Orthogonal flows on inlines and display transformation
------------------------------------------------------

   <fantasai> https://github.com/w3c/csswg-drafts/issues/1212
   koji: Can we discuss bz's issue?
   koji: When WM is different from parents, the spec says it
         blockifies.
   koji: bz is saying that "blockifies" can't compute containing
         block before layout.
   koji: It says "parent element", should be "parent box", but parent
         box isn't well-defined.
   dbaron: Historically containing block depends on styles, but this
           is trying to make styles depend on containing block.

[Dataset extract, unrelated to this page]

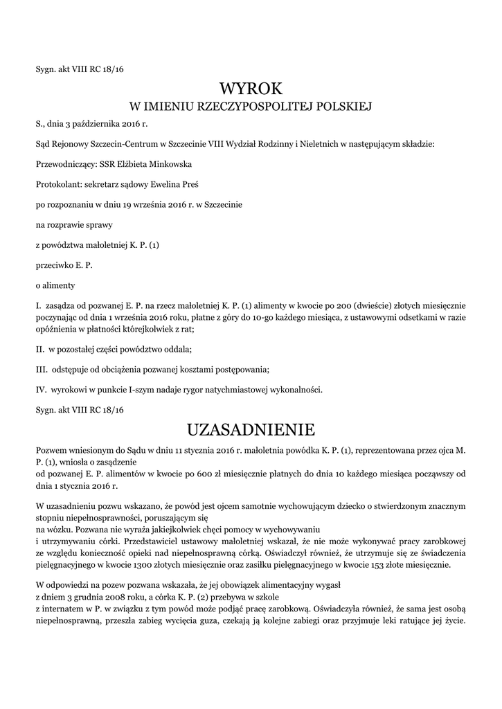 Sygn. akt VIII RC 18/16 WYROK W IMIENIU RZECZYPOSPOLITEJ POLSKIEJ S., dnia 3 października 2016 r. Sąd Rejonowy Szczecin-Centrum w Szczecinie VIII Wydział Rodzinny i Nieletnich w następującym składzie: Przewodniczący: SSR Elżbieta Minkowska Protokolant: sekretarz sądowy Ewelina Preś po rozpoznaniu w dniu 19 września 2016 r. w Szczecinie na rozprawie sprawy z powództwa małoletniej K. P. (1) przeciwko E. P. o alimenty I. zasądza od pozwanej E. P. na rzecz małoletniej K. P. (1) alimenty w kwocie po 200 (dwieście) złotych miesięcznie poczynając od dnia 1 września 2016 roku, płatne z góry do 10-go każdego miesiąca, z ustawowymi odsetkami w razie opóźnienia w płatności którejkolwiek z rat; II. w pozostałej części powództwo oddala; III. odstępuje od obciążenia pozwanej kosztami postępowania; IV. wyrokowi w punkcie I-szym nadaje rygor natychmiastowej wykonalności. Sygn. akt VIII RC 18/16 UZASADNIENIE Pozwem wniesionym do Sądu w dniu 11 stycznia 2016 r. małoletnia powódka K. P. (1), reprezentowana przez ojca M. P. (1), wniosła o zasądzenie od pozwanej E. P. alimentów w kwocie po 600 zł miesięcznie płatnych do dnia 10 każdego miesiąca począwszy od dnia 1 stycznia 2016 r. W uzasadnieniu pozwu wskazano, że powód jest ojcem samotnie wychowującym dziecko o stwierdzonym znacznym stopniu niepełnosprawności, poruszającym się na wózku. Pozwana nie wyraża jakiejkolwiek chęci pomocy w wychowywaniu i utrzymywaniu córki. Przedstawiciel ustawowy małoletniej wskazał, że nie może wykonywać pracy zarobkowej ze względu konieczność opieki nad niepełnosprawną córką. Oświadczył również, że utrzymuje się ze świadczenia pielęgnacyjnego w kwocie 1300 złotych miesięcznie oraz zasiłku pielęgnacyjnego w kwocie 153 złote miesięcznie. W odpowiedzi na pozew pozwana wskazała, że jej obowiązek alimentacyjny wygasł z dniem 3 grudnia 2008 roku, a córka K. P. (2) przebywa w szkole z internatem w P. w związku z tym powód może podjąć pracę zarobkową. Oświadczyła również, że sama jest osobą niepełnosprawną, przeszła zabieg wycięcia guza, czekają ją kolejne zabiegi oraz przyjmuje leki ratujące jej życie. Ponadto, pozwana wskazała, że sama wychowuje niepełnosprawne dziecko. Wniosła również o zwolnienie jej od obowiązku poniesienia kosztów sądowych. Na rozprawie w dniu 9 czerwca 2016 r. przedstawiciel małoletniej podtrzymał powództwo. Oświadczył ponadto, że postanowieniem z dnia 18 września 2007 roku władzę rodzicielską nad małoletnią K. P. (1) Sąd powierzył jemu, następnie wyrokiem rozwodowym z dnia 11 kwietnia 2008 roku Sąd podtrzymał orzeczenie o władzy rodzicielskiej, nadto zasądził od pozwanej na rzecz małoletniej alimenty w kwocie 200 złotych miesięcznie. Prawomocnym wyrokiem z dnia 24 stycznia 2011 roku Sąd ustalił, że powyższy obowiązek pozwanej wobec małoletniej wygasł z dniem 3 grudnia 2008 roku. Pozwana wniosła o oddalenie powództwa albowiem jej łączny dochód netto wynosi 1600 złotych, w tym renta 400 złotych i 1200 złotych wynagrodzenia. Ponadto jest osobą niepełnosprawną w stopniu umiarkowanym, może pracować, ale w niepełnym wymiarze czasu pracy. Pismem z dnia 20 czerwca 2016 r. pozwana ponownie nie wyraziła zgody na zapłatę alimentów na rzecz małoletniej K. P. (1). Wskazała, że jako osoba niepełnosprawna zmuszona jest przyjmować szereg leków, a przedstawiciel ustawowy małoletniej nie podejmuje pracy z chęci życia na koszt innych osób. Sąd ustalił następujący stan faktyczny: K. P. (1), urodzona dnia (...), jest dzieckiem M. P. (1) i E. P.. Rodzice żyją w rozłączeniu. Niesporne, a nadto: • odpis skrócony aktu urodzenia, akta sprawy o sygn. VII R Nsm 560/06, k. 5. K. P. (1) ma ukończone 17 lat, jest dzieckiem autystycznym wymagającym szczególnej opieki o orzeczonym na stałe znacznym stopniu niepełnosprawności, niezdolnym do pracy, ze znacznie ograniczoną zdolnością do samodzielnej egzystencji. Uczęszcza do Specjalnego Ośrodka Szkolno – (...) dla Dzieci Niepełnosprawnych Ruchowo w P. – aktualnie uczy się w klasie I gimnazjum. Dowód: • orzeczenie o stopniu niepełnosprawności, k. 6 • zeznania M. P. (1), k. 23, k. 53 • zaświadczenie ośrodka w P., k. 46. Postanowieniem z dnia 18 września 2007 roku Sąd Rejonowy w Szczecinie, VII Wydział Rodzinny i Nieletnich, powierzył wykonywanie władzy rodzicielskiej nad małoletnimi wówczas M. P. (2) i R. P. oraz małoletnią K. P. (1) ojcu M. P. (1), pozbawiając jednocześnie E. P. władzy rodzicielskiej. Dowód: • postanowienie Sądu Rejonowego w Szczecinie z dnia 18 września 2007 roku , VII Wydział Rodzinny i Nieletnich, akta sprawy o sygn. VII R Nsm 560/06, k. 36. Wyrokiem zaocznym z dnia 11 kwietnia 2008 roku Sąd Okręgowy w Szczecinie, X Wydział Cywilny Rodzinny, rozwiązał małżeństwo powoda M. P. (1) i pozwanej E. P. zawarte w dniu 5 stycznia 1991 roku w Urzędzie Stanu Cywilnego w S. poprzez rozwód z winy pozwanej. Wykonywanie władzy rodzicielskiej nad małoletnimi dziećmi stron, w tym nad K. P. (1), Sąd Okręgowy pozostawił bez zmian – całkowita władza rodzicielska przysługuje M. P. (1). W tymże wyroku Sąd Okręgowy obciążył ponadto oboje rodziców kosztami utrzymania i wychowania małoletnich dzieci stron – z tego tytułu zasądzając od pozwanej E. P. na rzecz małoletnich wówczas M. P. (2) i R. P. oraz małoletniej K. P. (1) rentę alimentacyjną w kwocie po 200 złotych na każde z małoletnich dzieci płatne z góry do dnia 10-ego każdego miesiąca wraz z odsetkami ustawowymi w razie opóźnienia płatności którejkolwiek z rat. Dowód: • wyrok Sądu Okręgowego z dnia 11 kwietnia 2008 roku, X Wydział Cywilny Rodzinny, akta sprawy o sygn. X RC 2863/07, k. 109. Pismem wniesionym do Sądu Rejonowego Szczecin – Centrum w Szczecinie dnia 11 października 2010 r. E. P. wniosła o uchylenie obowiązku alimentacyjnego. Swoją prośb

   fantasai: We can change it to parent box, that's defined in
             Display.
   fantasai: Only important case is when display is inline.
   fantasai: If any parent of an inline, which is also an inline, has
             a different WM, it will have become an inline-block,
             which makes it the containing block.
   fantasai: An inline can't have a different WM from its containing
             block anyway, it becomes an inline-block.
   fantasai: The difference between parent box and parent element is
             only really relevant for display:contents afaict.
   fantasai: You look "past" a display:contents.
   fantasai: There are other cases where this clause doesn't apply
             anyway..
   fantasai: I'm in the process of trying to figure out the wording
             with bz, but I think we can just change to "parent box"
             as long as people are okay with walking up
             display:contents.
   dbaron: You can come up with a new term that is "parent element,
           walking thru display:contents".
   fantasai: That's just "parent box", no?
   dbaron: Box tree isn't defined yet.
   [fantasai and tabatkins bicker over whether it's sufficiently
       defined]
   koji: [provides some example that I missed]
   fantasai: I think I can fix this over lunch.

   Florian: So we're looking for "parent element, but walk up
            display:contents".
   koji: So should we define this in WM?
   fantasai: It's in Display; if it doesn't quite exist yet, I'll
             define it.
   Florian: So it sounds like we agree on behavior, if not on
            terminology. Can we resolve to that?
   Rossen: Sounds like nothing to change in WM?
   fantasai: There's a mention of "containing block" that needs to
             change to the new thing.
   koji: So proposal is to change "containing block" to "parent box",
         and define that.
   Florian: And we can define "parent box" without needing the whole
            box tree.
   TabAtkins: "Closest ancestor element that generates a principle
              box."

   RESOLVED: Change "containing block" to "parent box", and define
             that.

   <tantek> that's a normative change right?

Publication
-----------

   koji: So with the last open issue resolved, I wonder from the last
         discussion if we're fine to resolve to publish or what.
   tantek: Didn't we just make a normative change?
   astearns: We need to make the update, get bz's approval, *then* we
             can ask for PR.
   Florian: Do we have to cycle CRs since it's a normative change?
   tantek: Technically, yes.
   tantek: Any excess features to drop?
   fantasai: We already did.
   Rossen: So we can resolve to republish CR with that change?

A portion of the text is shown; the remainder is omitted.